# EXERCISE AIM:
Images are not part of the copy; write out the rest of the data exactly as given.

# RECORDED INFORMATION:
··········

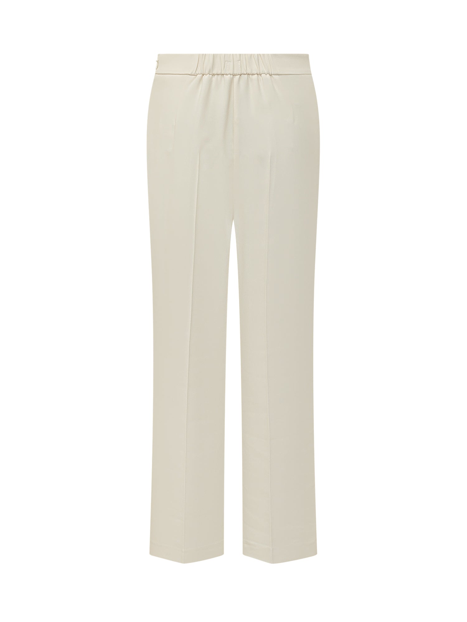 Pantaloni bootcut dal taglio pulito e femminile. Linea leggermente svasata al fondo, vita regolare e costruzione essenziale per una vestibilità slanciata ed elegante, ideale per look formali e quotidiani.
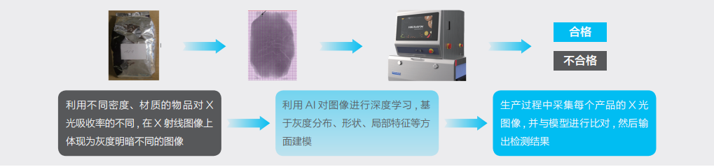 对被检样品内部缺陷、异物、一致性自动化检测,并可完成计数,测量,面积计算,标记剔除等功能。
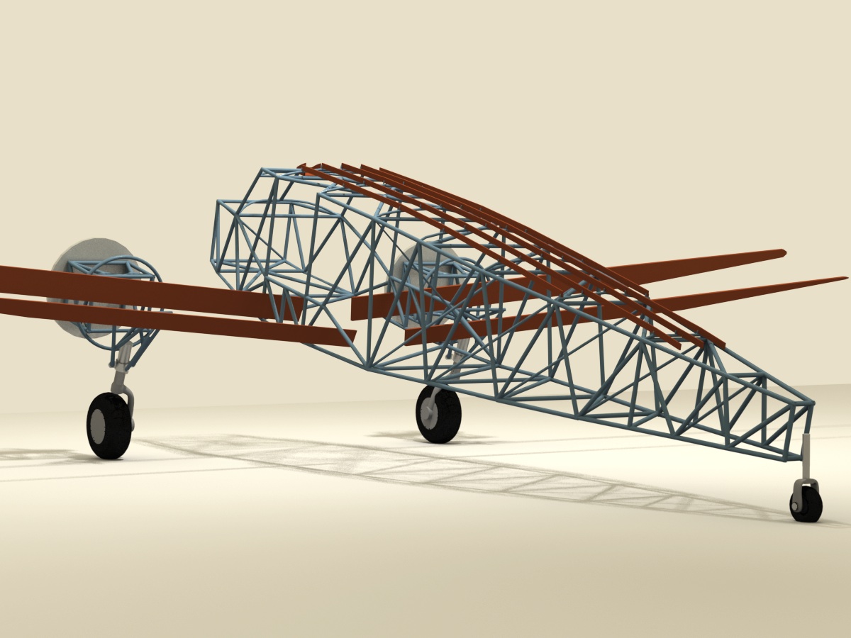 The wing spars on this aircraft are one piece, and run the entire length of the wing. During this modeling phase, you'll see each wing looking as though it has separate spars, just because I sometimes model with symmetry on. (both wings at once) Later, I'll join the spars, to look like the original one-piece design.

··········

# REPLY:
 Pantaloni bootcut dal taglio pulito e femminile. Linea leggermente svasata al fondo, vita regolare e costruzione essenziale per una vestibilità slanciata ed elegante, ideale per look formali e quotidiani.
 对被检样品内部缺陷、异物、一致性自动化检测,并可完成计数,测量,面积计算,标记剔除等功能。
 The wing spars on this aircraft are one piece, and run the entire length of the wing. During this modeling phase, you'll see each wing looking as though it has separate spars, just because I sometimes model with symmetry on. (both wings at once) Later, I'll join the spars, to look like the original one-piece design.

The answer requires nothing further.